Santana reconduit la même formation contre la Pologne en huitième de finale, un adversaire plus coriace que le précédent. Tarasiewicz échoue à deux reprises sur les poteaux de Carlos et le match, âpre, hésite à basculer d’un côté ou de l’autre. Il faut un pénalty généreux pour que Sócrates ouvre le score. Puis à la 55e, Josimar décide du sort de la rencontre. Le numéro 13 brésilien contrôle le ballon sur le côté droit, à l’extérieur de la surface de réparation.
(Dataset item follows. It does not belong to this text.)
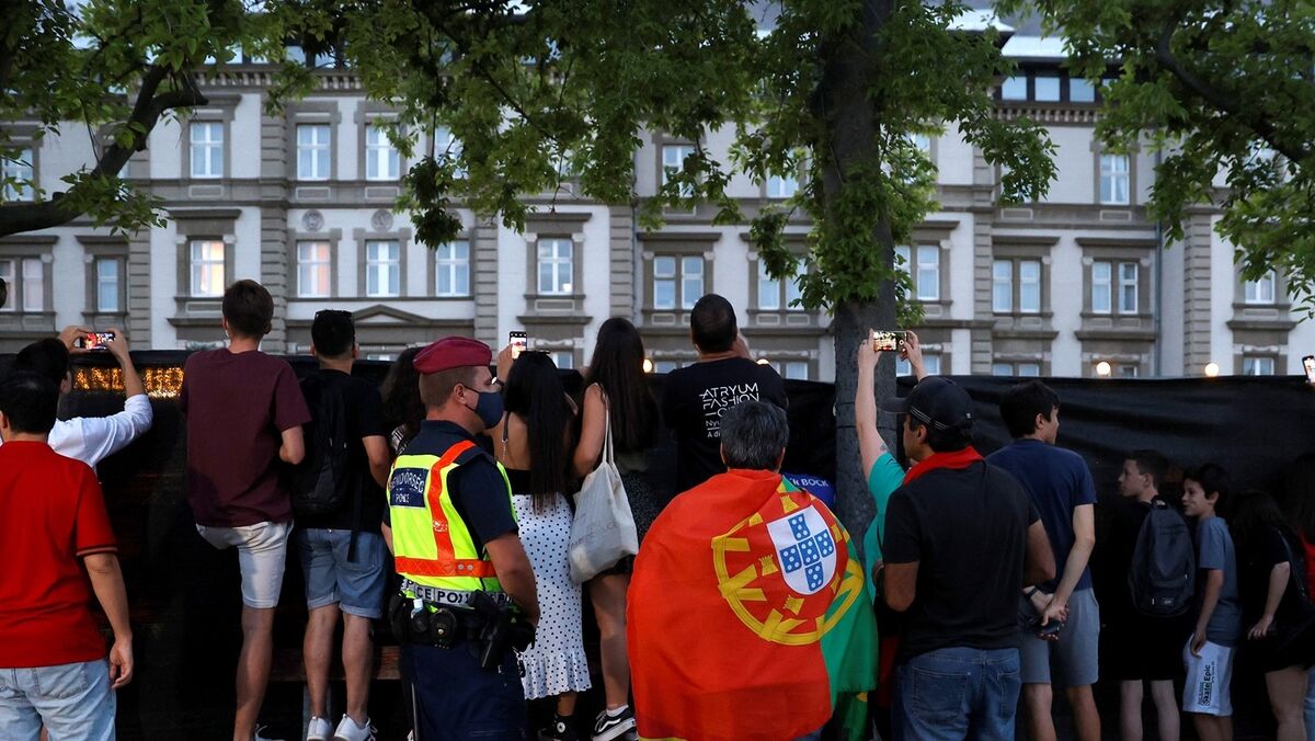 A seleção portuguesa de futebol chegou esta quinta-feira ao quartel general em Budapeste sob o apoio de meia centena de adeptos, que não perderam a oportunidade de incentivar os campeões europeus para a caminhada no Euro'2020. Equipados a rigor, fosse com as cores lusas ou do FC Porto, os fãs nacionais estavam prontos para dar as boas-vindas à 'equipa das quinas', perante o olhar atento de alguns locais que se exercitavam, enquanto tentavam perceber qual o motivo de tanto alvoroço. Entre cânticos de Portugal, os adeptos não deixaram de entoar o hino nacional e ainda a música que ficou célebre no Euro'2016...

Crochet intérieur, crochet extérieur, il élimine deux défenseurs, pénètre dans la zone de vérité, résiste à un tacle et au retour d’un dernier Polonais avant de conclure sa chevauchée d’une frappe surpuissante sans angle que Mlynarczyk ne peut détourner. Josimar se précipite vers les torcidas mais ce n’est pas lui que les supporters acclament. A ce moment-là, tout le monde voit en lui le fantôme de Jairzinho et ses célébrations joyeuses, la résurrection du sublime ailier droit de la Coupe du monde 1970 ayant plané dans ce stade chargé d’histoire.

Josimar, le zigomar

Contre la France, sous le soleil vertical de Jalisco, un tir au but, un malheureux tir au but, décide du sort d’une rencontre inoubliable et bien plus encore : l’élimination sans défaite du Brésil entérine irrémédiablement l’extinction du romantisme sans que Josimar n’y puisse rien, supplanté ce jour-là par le talent rationnel d’un autre grand arrière latéral, Manuel Amoros.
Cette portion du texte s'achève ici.